Sensitive Biosensors Could Transform Diagnostics
NSF Grant Funds Search for Breakthrough Using Silicon Nanowire Technology
Jul. 26, 2010
UT Dallas nanotechnology researcher Walter Hu has received a $400,000 grant to develop an innovative and manufacturable nanoelectronic biochip that can detect individual molecules.
“The motivation for this project came from a growing synergy between biology and electronics,” said Hu, an assistant professor of electrical engineering in the Erik Jonsson School of Engineering and Computer Science.
“In the long run, improved electronic sensors could have a considerable impact on a wide-range of disease diagnostics, in particular for point of care or future home diagnostics, overcoming the limitations of today’s optical sensors, which require bulky and expensive equipment, complex sample preparation and long processing times,” he added.
Funding comes from the National Science Foundation (NSF), which accorded Hu one of its prestigious Faculty Early Career Development (CAREER) Awards, the fourth received by UT Dallas engineering and computer science faculty in the past two years.
Hu’s team aims to develop a comprehensive understanding of electronic biosensing mechanisms, sensitivity and bio/non-bio interfaces down to the single-molecule level using silicon nanowire technology incorporated into standard semiconductor electronics.
“We’re investigating two basic performances for these silicon nanowires: the sensitivity and the selectivity of the sensor,” Hu said. “For example, if you’re trying to detect cancer at its early stage, the targets related to it have a very low concentration in blood. That requires the biosensor to be extremely small so it can be highly sensitive. The ultimate in sensitivity is the ability to detect a single molecule. At the same time, because you have a lot of other substances in a blood sample, you want to make your sensor selective enough so that you pick up the right target.”
Hu hopes his research will also make an important contribution to nanotechnology education. One unique feature of the educational component he proposed to the NSF was to deliver biosensing discovery kits based on the results of the project’s research. These kits could be mass-produced and distributed to K-12 schools and community colleges.
“The learning curve on these simplified and inexpensive learning kits would be much less steep than starting from scratch in a lab,” Hu said. “Students who had access to them would be able to explore applied biotechnology much more readily than they are able to now.”
NSF CAREER awards are part of a highly selective program for junior faculty members who are considered likely to become leaders in their field.

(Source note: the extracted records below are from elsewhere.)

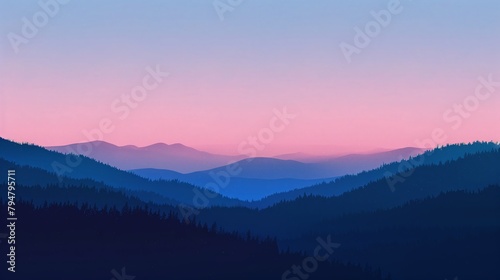 Gradients of dawn or dusk skies, capturing the serene moments of daybreak or twilight. Layered mountain landscape at dawn with mist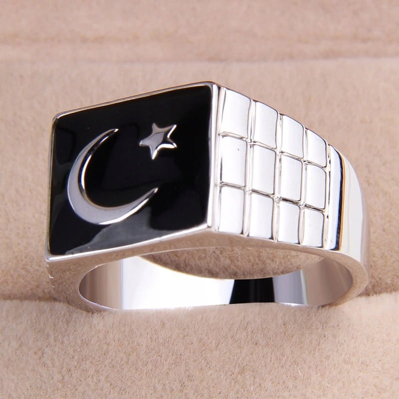Turecki posrebrzany sygnet z gwiazdą i półksiężycem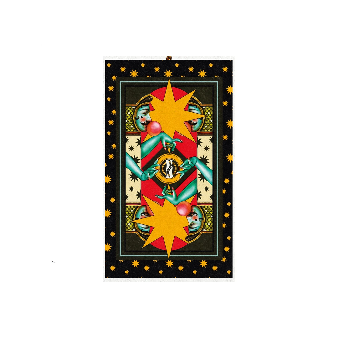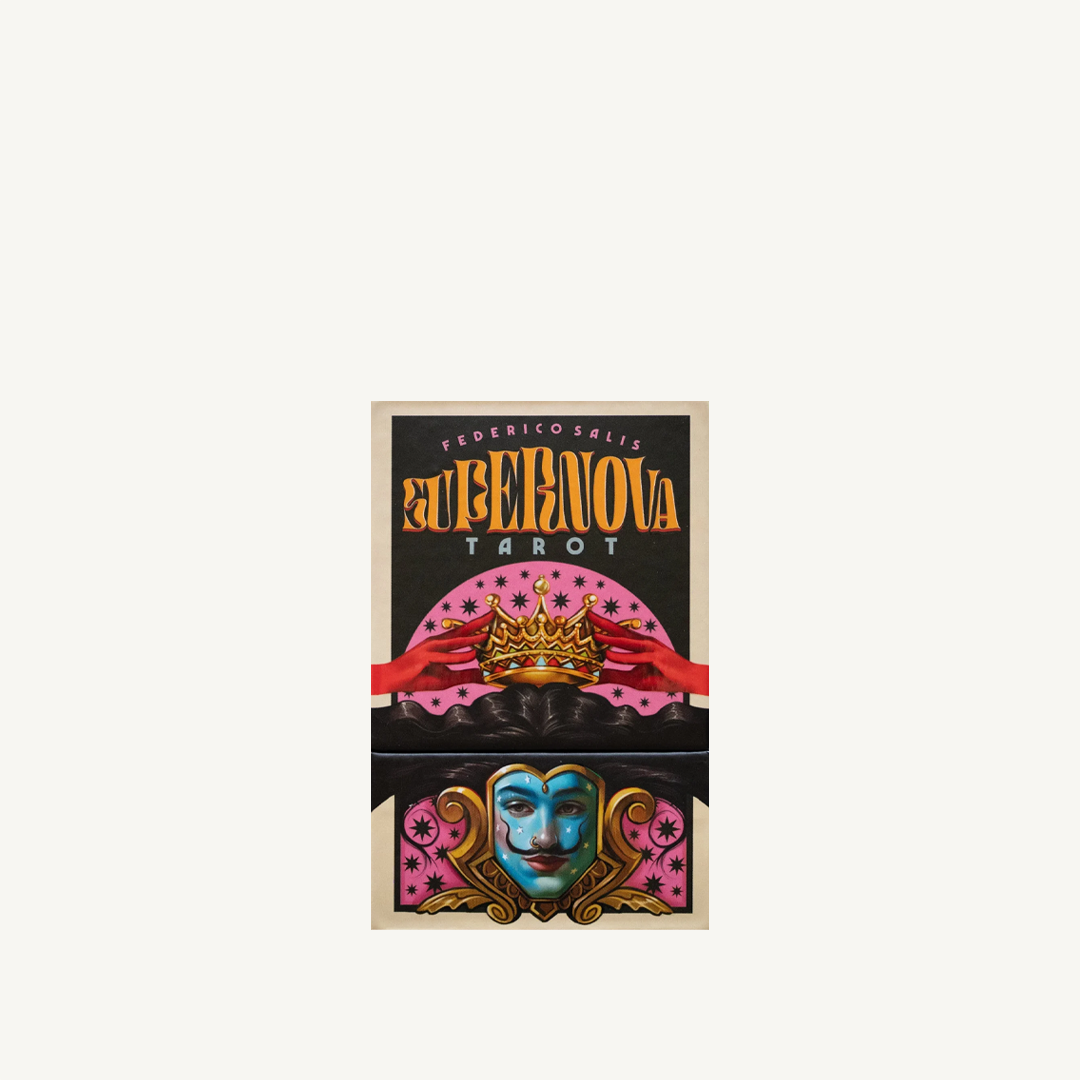 Elegant, eccentric, exuberant, rebellious - all this, and much more, is the new Supernova Tarot by Federico Salis. Its unique style, with quirky characters, pop references, sharp geometries and an extravagant color palette, manages to give a fresh and innovative touch to the traditional Tarot structure. The result is a deck with an authorial edge, full of details and graphic references to enrich your readings.

“The CAREER program is extremely competitive, and this award recognizes Walter’s innovative research and his potential to become a top researcher,” said Mark W. Spong, dean of the Jonsson School and holder of the Lars Magnus Ericsson Chair in Electrical Engineering.
Hu’s project was jumpstarted two years ago with funding from Texas Instruments for collaborative work he performed with Dr. Jinming Gao and Dr. Baran Sumer at The University of Texas Southwestern Medical Center and Dr. Moon Kim at UT Dallas.
Dr. Walter Hu (right) with members of his research team (from left) graduate students Krutarth Trivedi and Suresh Regonda and postdoctoral research fellow Ruhai Tian.
The biosensors being explored would be able to identify an individual molecule, enabling detection of cancer and other diseases at an early stage in their development.